The worst outcomes are associated with metrics with real-world import that are subject to these transformative pressures. This is classic Goodhart’s law, and the U.S. News college rankings are a good example. It’s unclear whether the original scheme was actually a reasonable metric. What is clear is that “gaming” these metrics — that is, adopting a win at all costs attitude towards reaching as high a ranking on them as possible — has led to perverse behaviors (such as trying explicitly to decrease acceptance rate) and degeneration of the value of the ranking, as it more and more represents success in targeting the ranking metric rather than college quality.
Transformation vs. Barriers to Entry
It’s worth making explicit that there are two separate effects that impact games, competitions, and metrics that are subject to optimization pressure. The first is the one I’ve been talking about above: optimized winning at all costs behavior is sufficiently different in character from less optimized playing to win behavior that it effectively transforms the game or competition or subverts the value of the metric. The other is when investment in optimization has such good returns to performance that players who do not invest substantial resources into winning at all costs are at such a disadvantage that they are effectively excluded from high level competition.
These two effects need not always co-occur. In many sports, for instance, there is a very large return to intensive training — the winning at all costs approach in this context — which excludes from high level play nearly anyone who does not engage in it. But a sport played at a high level is (usually) recognizably the same thing as a sport played at a lower level, and retains its good qualities.

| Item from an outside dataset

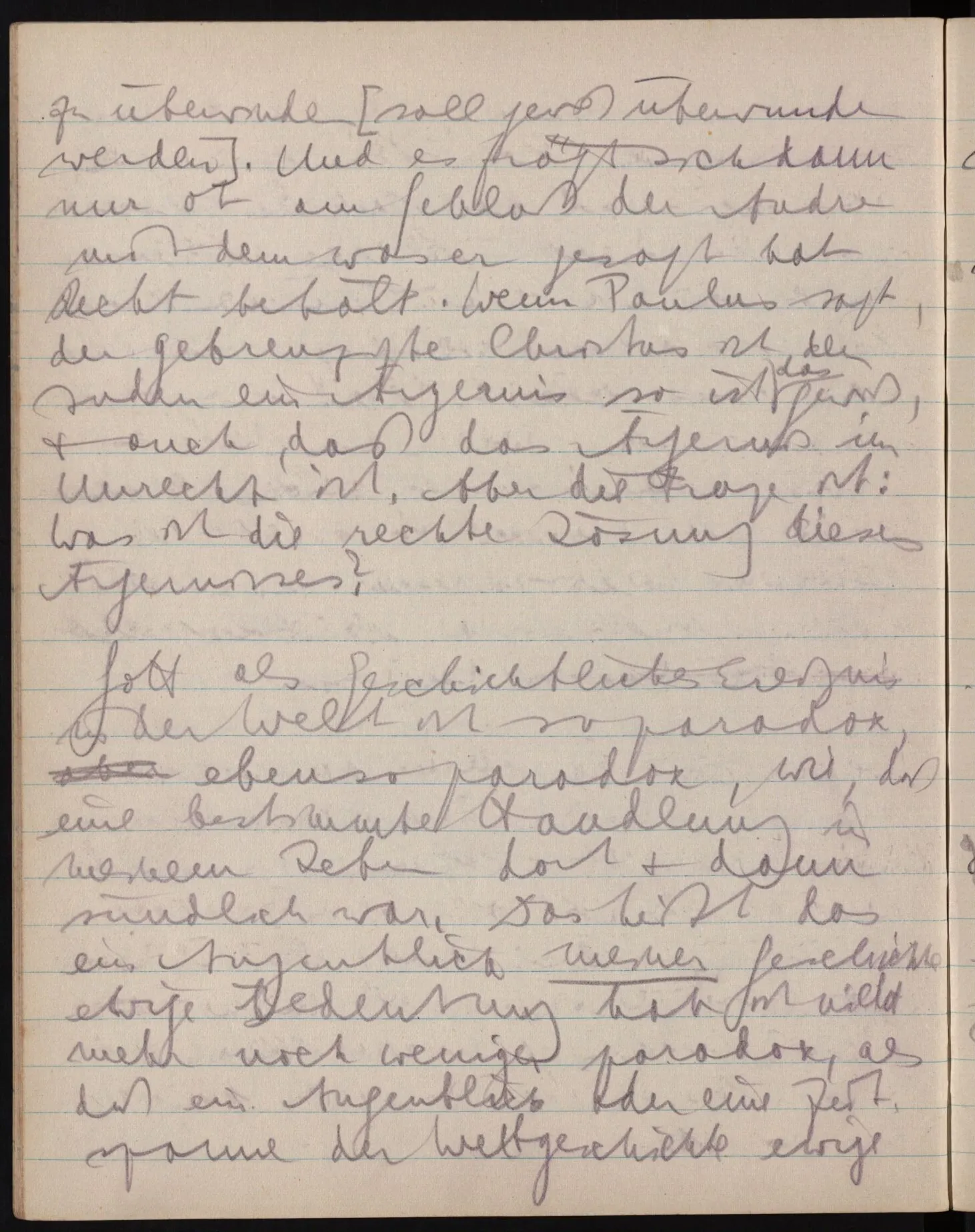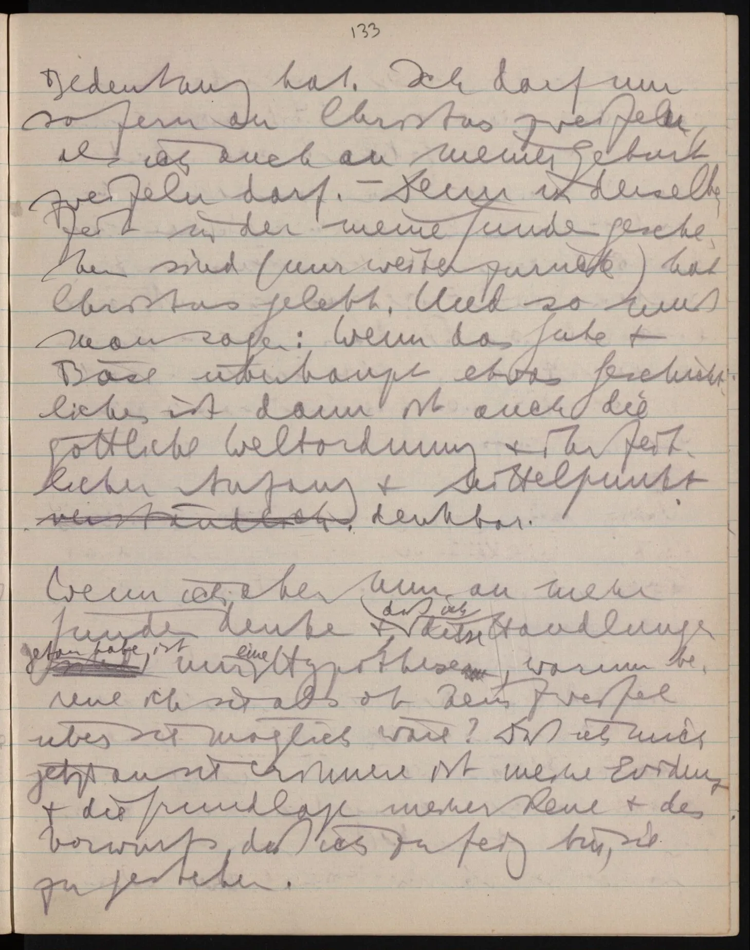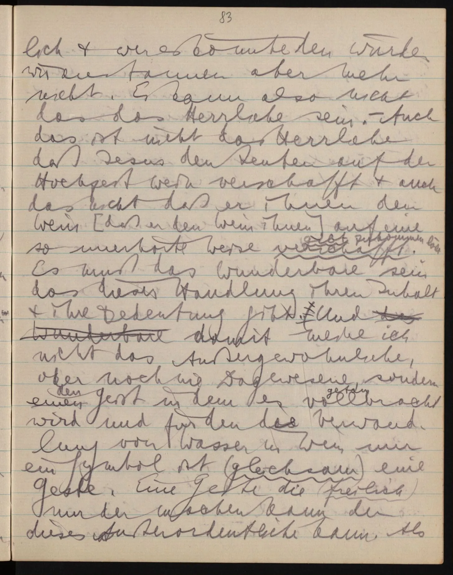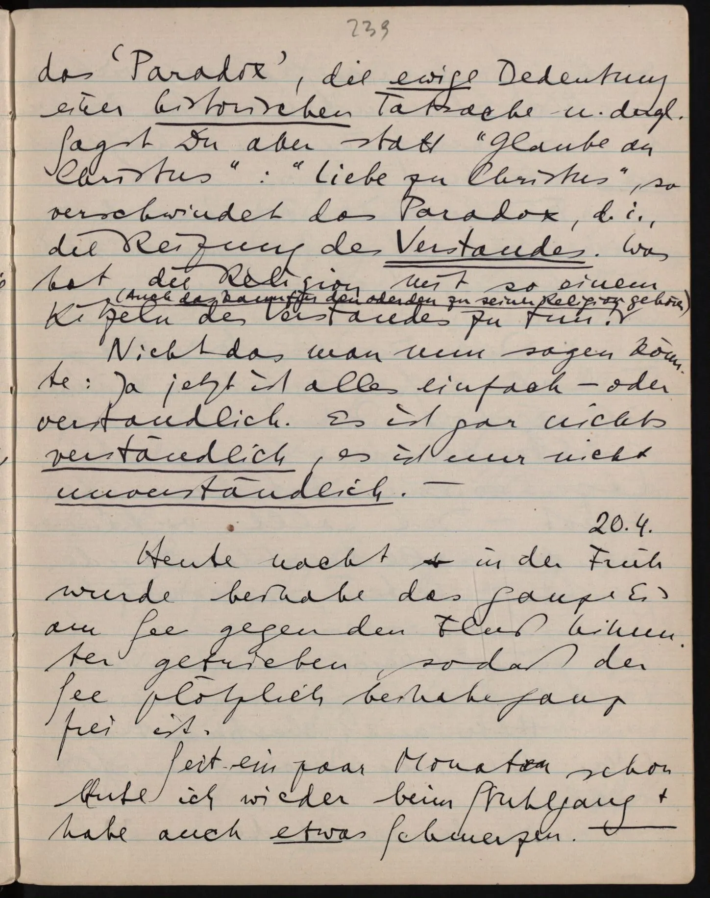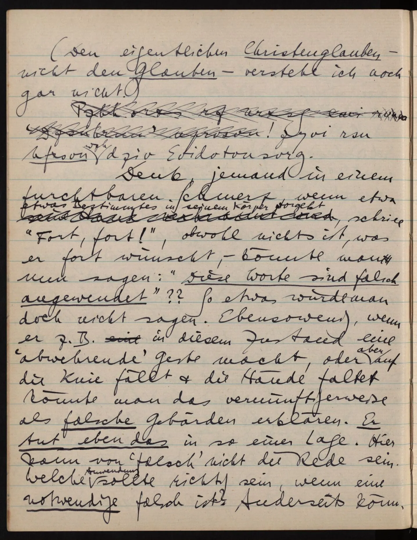 19.04.1937 Ich glaube: es ist durch das Wort “glauben” in der Religion furchtbar viel Unheil angerichtet worden. Alle die verzwickten Gedanken über das ‘Paradox’, die ewige Bedeutung einer historischen Tatsache u. dergl. Sagst Du aber statt “Glaube an Christus”: “Liebe zu Christus”, so verschwindet das Paradox, d.i., die Reizung des Verstandes. Was hat die Religion mit so einem Kitzeln des Verstandes zu tun. (Auch das kann für den oder den zu seiner Religion gehören.) Nicht daß man nun sagen könnte: Ja jetzt ist alles einfach – oder verständlich. Es ist gar nichts verständlich, es ist nur nicht unverständlich. –

Conversely, one can imagine a degenerate, optimized strategy for a (competitive) game which is only marginally better than a less-optimized and less investment-heavy strategy that engages with the game as intended. In that case, the fully optimized gameplay is very different from intended play, but not engaging with it provides only a minor disadvantage, and so players who don’t want to invest the time, or warp their play, can still compete.
Either of these effects alone might, or might not, be deleterious. The barrier-to-entry effect alone is only a problem if there are no “amateur leagues” where lower-investment players can still participate, or if the competition exists for some additional purpose which is not well-served by limiting the high ranks to people who devote an inordinate amount of time and effort to it. The transformation effect alone is more likely to be a problem (because people will do lots of things for just a tiny advantage if they care about the outcome), but as long as the mere existence of a cohort of degenerate-strategy players does not make the game (or competition) unrewarding for others, it can be worked around.
The real trouble comes when employing highly optimized strategies both provides a substantial advantage, and also transforms the game, competition, or evaluation in a deleterious way. The designers of games and metrics, and organizers of competitions, must keep this in mind if they want their products to remain valuable.
Dealing with Optimization Pressure
Most games, competitions, and target metrics are designed, either implicitly or explicitly, with a moderate level of optimization in mind. That is, they are designed around people playing to win. But when people find winning valuable enough, they will no longer merely play to win; they will try to win at all costs. This must be taken into account.
There are, roughly speaking, three options for dealing with this.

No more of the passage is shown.